### Task details:
Below are several entries. Transcribe exactly those lines that fall from the one with "Bikini de dos" through the one with "Pour les premières", end lines included.

### Input:
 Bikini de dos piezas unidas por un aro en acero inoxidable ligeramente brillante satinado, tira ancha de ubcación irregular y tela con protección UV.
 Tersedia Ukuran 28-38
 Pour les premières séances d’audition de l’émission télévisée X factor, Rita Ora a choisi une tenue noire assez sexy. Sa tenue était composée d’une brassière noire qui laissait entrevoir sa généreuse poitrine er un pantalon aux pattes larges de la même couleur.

* * *

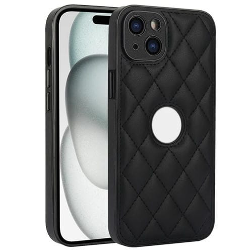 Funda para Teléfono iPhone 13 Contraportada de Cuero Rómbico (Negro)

### Solution to the problem:
 Bikini de dos piezas unidas por un aro en acero inoxidable ligeramente brillante satinado, tira ancha de ubcación irregular y tela con protección UV.
 Tersedia Ukuran 28-38
 Pour les premières séances d’audition de l’émission télévisée X factor, Rita Ora a choisi une tenue noire assez sexy. Sa tenue était composée d’une brassière noire qui laissait entrevoir sa généreuse poitrine er un pantalon aux pattes larges de la même couleur.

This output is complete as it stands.